Inhibition of prostaglandin synthesis in chloralose-anesthetized dogs reduced renal blood flow, and this reduction closely correlated (r = 0.92, P<0.01) with a decline in the renal efflux of a substance having the properties of PGE 2 . We used solvent extraction and thin-layer chromatography coupled with parallel bioassay to identify and assay the PGE-and PGF-like substances (expressed as PGE 2 and PGF 2a equivalents). Either of two antunflaiunatory acids, indomethacin or meclofenamate, that inhibited conversion of 14 C-arachidonic acid to prostaglandins in renal homogenates decreased the basal concentration of a PGE-like substance in renal venous blood to 0.06 ±0.02 ng/ml from a mean control value of 0.34 ±0.10 ng/ml (P<0.01). This change was associated with a mean reduction in renal blood flow of 45% in spite of increased renal perfusion pressure. Femoral blood flow and cardiac output were variably and insignificantly affected. Changes in the renal efflux of a PGF-like substance induced by indomethacin were unrelated to the decline in renal blood flow.

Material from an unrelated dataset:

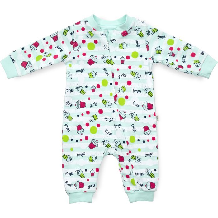 Цветовая основа человечка светло - мятного цвета, в белую полосочку. По всей поверхности украшен надписями, разноцветными кружочками и капкейками. Ткань очень мягкая, приятная на ощупь. Застёгивается на потайную молнию с лёгким ходом. Вверху есть защита для подбородка. Молния начинается от центра горловины и спускается вниз к левой ножке. Ножки не зашиты, с трикотажными манжетами на щиколотках. Такой комбинезон ступни не прикрывает, но зато сможет служить дольше (по мере роста малыша). Горловина и края рукавов обработаны мягкой трикотажной резинкой.

Changes in the efflux of a PGE-like substance from the femoral vascular bed were unrelated to the small and variable changes in femoral blood flow. Extrarenal factors, i.e., humoral, nervous, or cardiopulmonary factors, did not account for the decline in renal blood flow produced by the inhibitors of prostaglandin synthesis, since the inhibitors produced identical effects in the isolated blood-perfused canine kidney. We concluded that PGE 2 participates in maintaining renal vascular tone which heretofore has been ascribed to autonomous, intrinsic renal arteriolar activity.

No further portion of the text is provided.